- Born: 17 January 1882
- Died: 3 December 1968 (aged 86)
- Allegiance: United Kingdom
- Branch: British Indian Army
- Service years: 1901–1930
- Rank: Brigadier-General
- Conflicts: Second Boer War World War I
- Awards: Commander of the Order of the British Empire Military Cross

= Frank Dutton Frost =

Brigadier-General Frank Dutton Frost, (17 January 1882 – 3 December 1968) was a British Army officer, who later joined the British Indian Army.

==Biography==
Frost served in South Africa during the Second Boer War, first as a trooper with the Royal Wiltshire Yeomanry contingent to the Imperial Yeomanry, and from November 1901 with the 3rd (Militia) Battalion of the Cheshire Regiment, where he was commissioned a second lieutenant. He was promoted to lieutenant on 31 May 1902, and left South Africa with the rest of the battalion in September 1902, after the end of the war. He received a regular commission in the Cheshire regiment in 1906.
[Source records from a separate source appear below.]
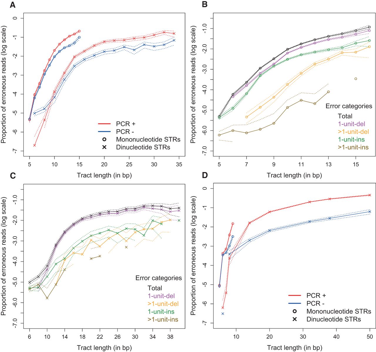 Erroneous call rates for Illumina data. The dotted lines represent the 95% confidence intervals of the multinomial sampling. Only repeat lengths with ≥100 read support (all loci combined) were plotted. (A) Human male X Chromosome for PCR-containing (PCR+) and PCR-free (PCR−; down-sampled data) library preparation protocols. (B) PCR− mononucleotide STR error rates by error categories. See text for the explanation of the categories. (C) PCR− dinucleotide STR error rates by error categories. (D) Error rates for ultradeep sequencing of plasmids with PCR+ and PCR− protocols.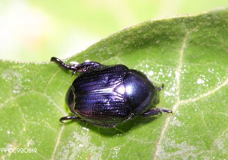 ↑台灣琉璃豆金龜(藍色型) (金龜子科) 體長12 - 14 mm,體色有藍色、綠色具強烈的金屬光澤,前胸背板寬大渾厚,翅鞘有溝紋及刻點呈縱向排列,近翅端刻點不明顯,近翅基部處後方有一對不明顯的凹陷橫紋,各腳與體色相同,腹末端無白色毛叢。 本屬10種,外觀近似藍豆金龜但其腹端有2個白色毛叢,本種普遍分布於低海拔山 區,常見於大花咸豐草、野牡丹的花朵上棲息,動作緩慢,受驚嚇會掉落地面飛離或鑽入土中。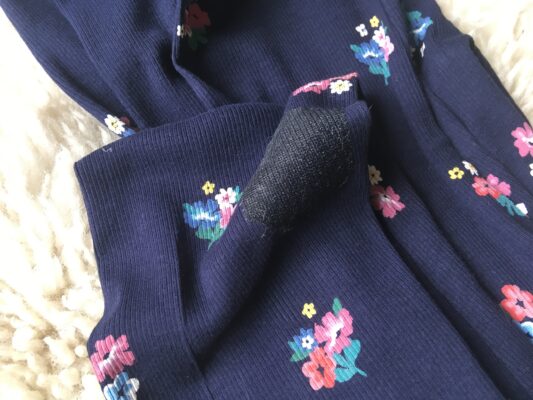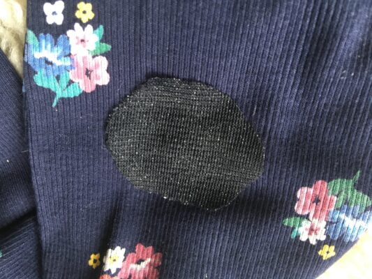 Leggings köper man billigt på många handelsplatser. Det är billigt att köpa nytt men bättre om vi tar hand om det vi redan har. I detta inlägg visar vi ett förslag på hur du snabbt, enkelt och billigt kan laga hål i ett par leggings/tights med lappar.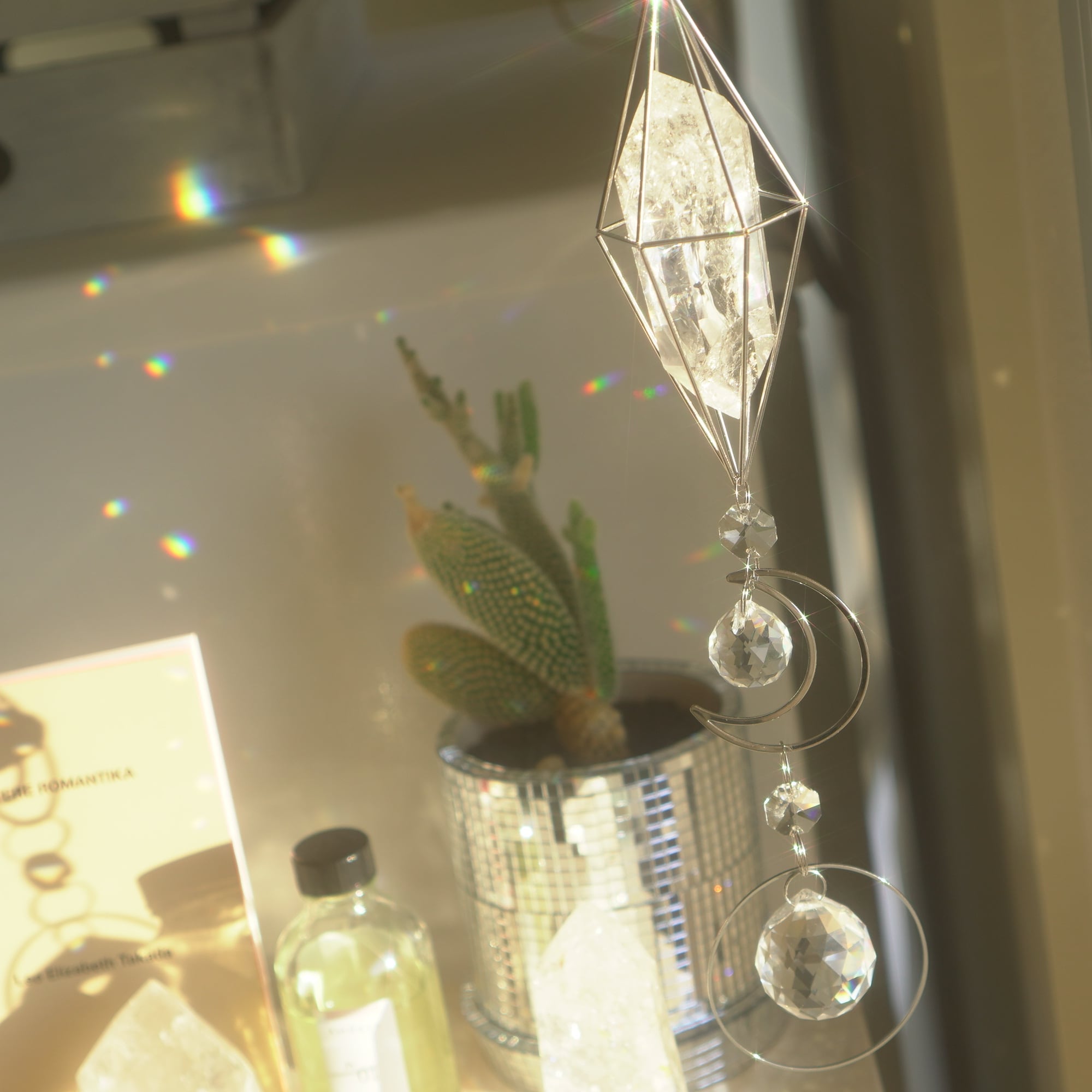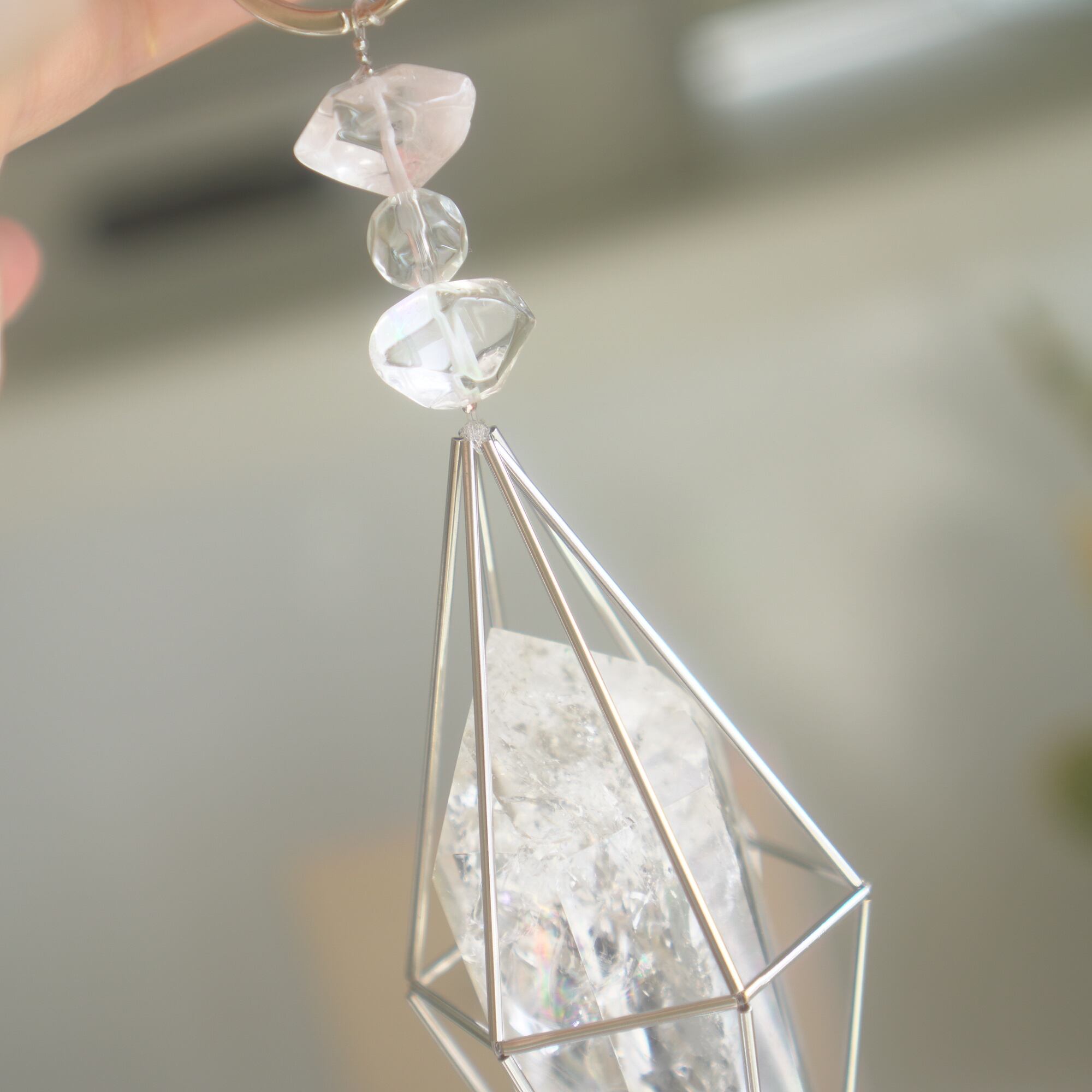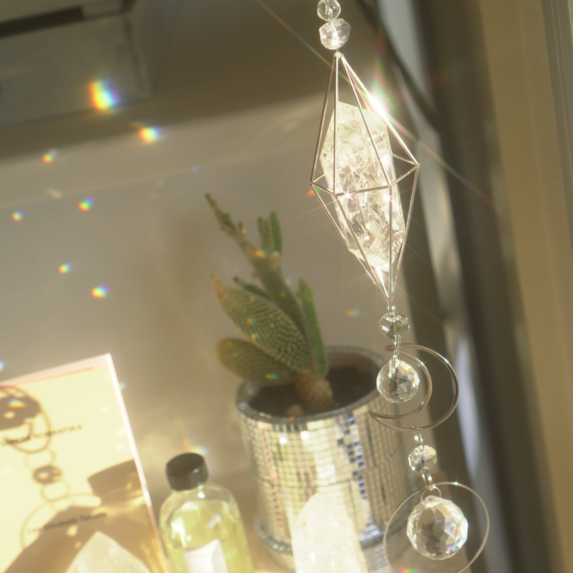 ヒンメリ用のメタルパイプを繋いだ幾何学形体に宿る、特別感のあるタワーカットの天然石。サンキャッチャーになるクリスタルカットのガラスボールやキラキラ輝くメタルパーツを組み合わせ、直射日光を浴びた際、キラキラと輝きながらたくさんの虹色の光がお部屋に広がります。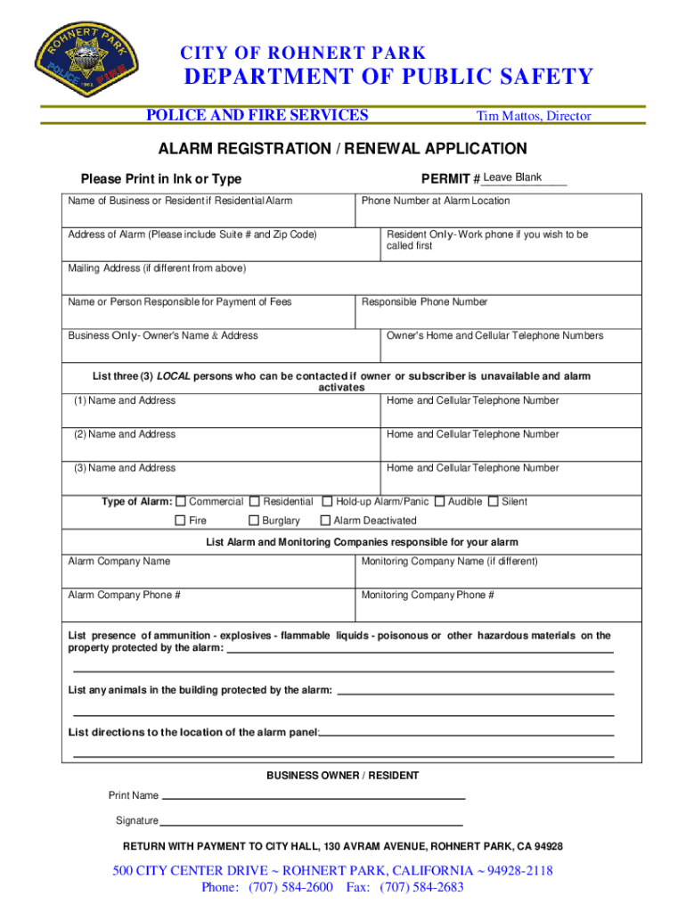 CITY OF ROBERT PARKDEPARTMENT OF PUBLIC SAFETY POLICE AND FIRE SERVICES Tim Mattes, Director ALARM REGISTRATION / RENEWAL APPLICATION Leave Blank PERMIT # Please Print in Ink or Type Name of Business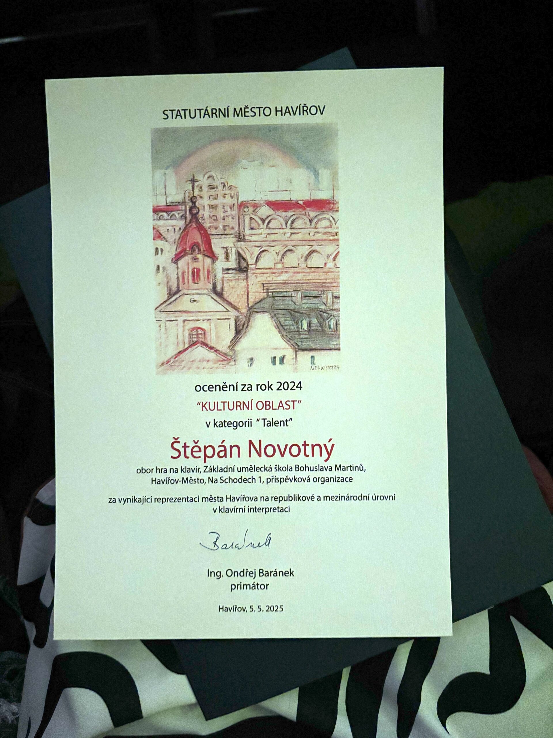 V pondělí 5. května 2025 proběhl v Kulturním domě Leoše Janáčka slavnostní večer spojený s udělováním Cen města Havířova za rok 2024. Mezi oceněnými osobnostmi veřejného života se objevili také dva mimořádně nadaní žáci naší Základní umělecké školy Bohuslava Martinů Havířov.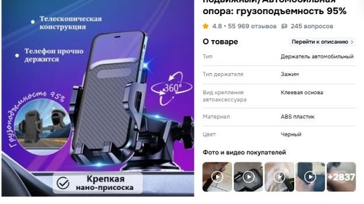 Обзор распаковки посылки Автомобильный держатель для телефона, З способа крепления черный с ozon Доставка Почта России.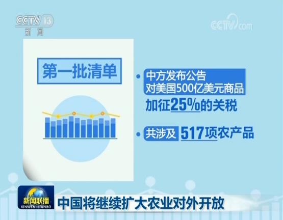 央視網(wǎng)消息(新聞聯(lián)播):中國是世界上最大的農(nóng)產(chǎn)品進(jìn)口國,美國是世界上最大的農(nóng)產(chǎn)品出口國,在中美經(jīng)貿(mào)磋商當(dāng)中,農(nóng)業(yè)一直是核心議題。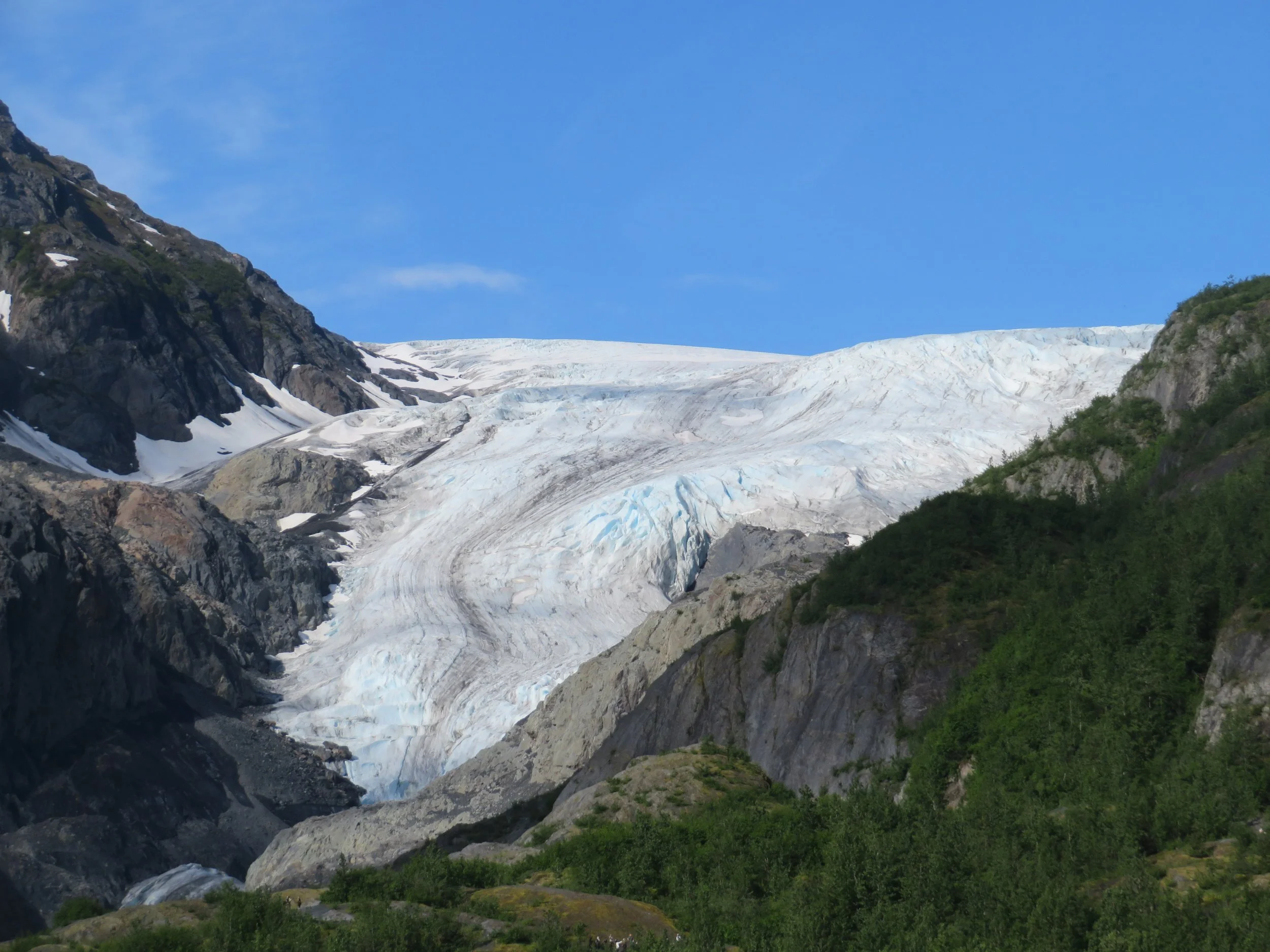 A ‘valley’ glacier, Exit descends ~3000’ in four miles providing a great vista from the overlook accessed via an easy 2-mile loop trail. Due to constant recession over the past years, it’s not possible to walk up and touch the glacier any longer, but you can get pretty close, feel its ‘cold’ and, if you listen carefully, hear it ‘talk’.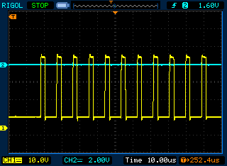 - If there is a signal, then pulse generation is started: set 0 to PD7, wait 2.6 microseconds, set 1, wait 6.5 microseconds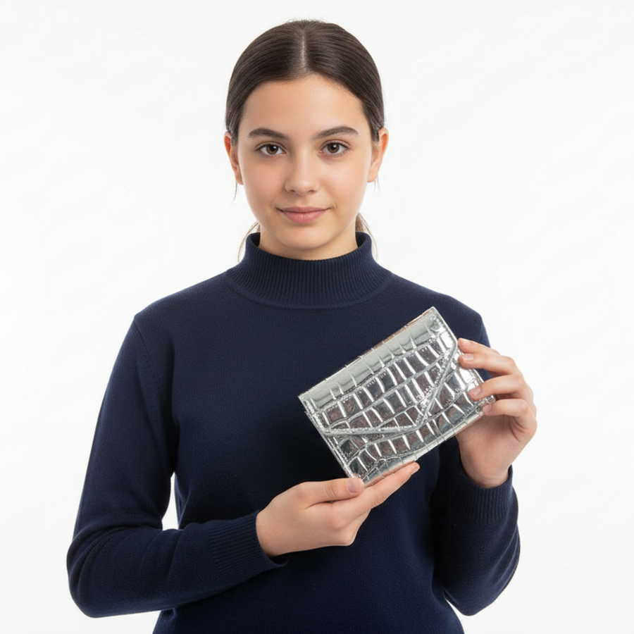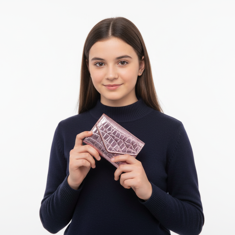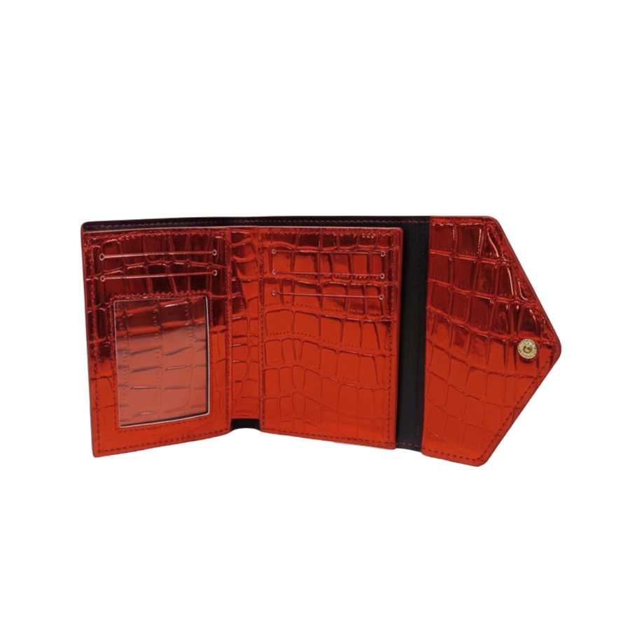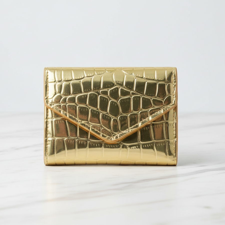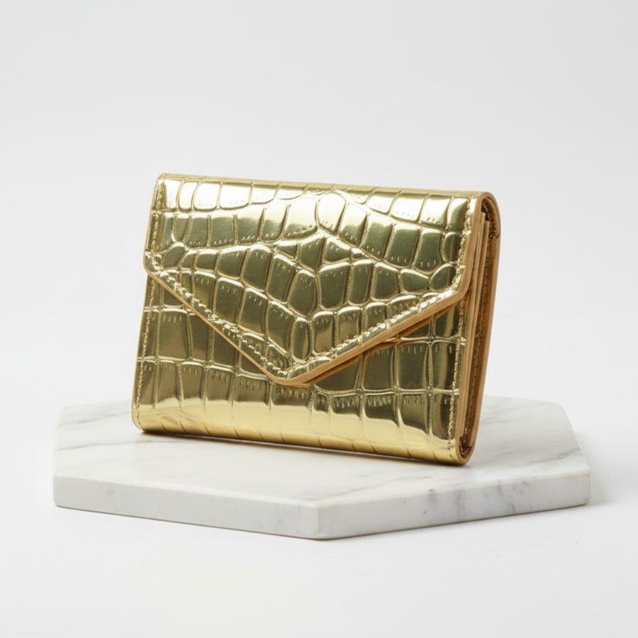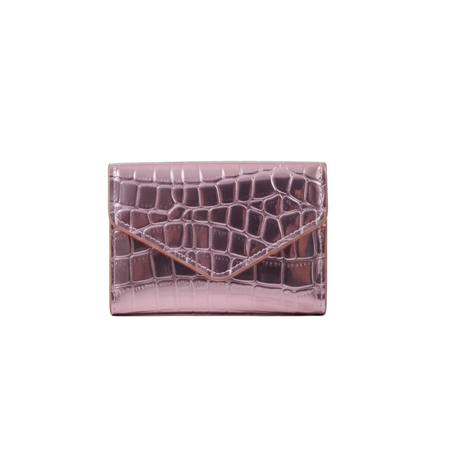 محفظة حريمي صغيرة ستايل ظرف، جلد لامع بنقشة مُجَعَّدة شيك، متاحة بألوان جريئة زي الأحمر، الفيروزي، الذهبي، الأسود والموف علشان تختاري على مزاجك.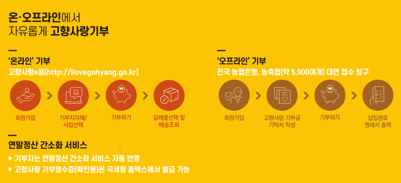 - 고향사랑e음: 온라인 플랫폼을 통해 간편하게 기부할 수 있습니다.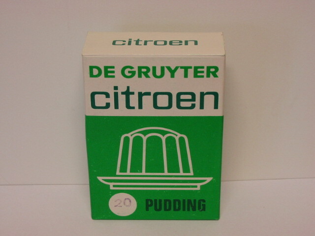 - BeschrijvingDoosje De Gruyter citroen pudding. Het doosje is vervaardigd in de kleuren groen en wit. Op de voorkant staat een pudding getekend, op de achterkant staat de gebruiksaanwijzing. Het doosje is vol.
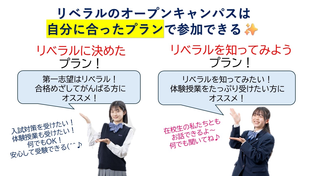 学校説明会(入試について・授業料等説明・特待制度の説明など)・体験授業・入試対策講座(国語・数学・英語)・面接対策講座・個別相談・制服試着体験などのイベントを行います♪

Frost served during the First World War. On 21 September 1914 he transferred to the Supply & Transport Corps of the British Indian Army. Later he was in put in charge of the Directorate of Labour in Baghdad during the Mesopotamian campaign. On retirement from the Army in October 1930 with the rank of colonel and honorary brigadier-general, he then worked as a missionary in the North-West Frontier until 1945.

He married in 1912 Elsie Dora Bright. Their son was John Dutton Frost, an officer who served in the Parachute Regiment during the Second World War. They also had two daughters. His wife died in 1952. In 1954 he married for a second time, Rhoda Collins, widow of Edward Collins, Kelvindale.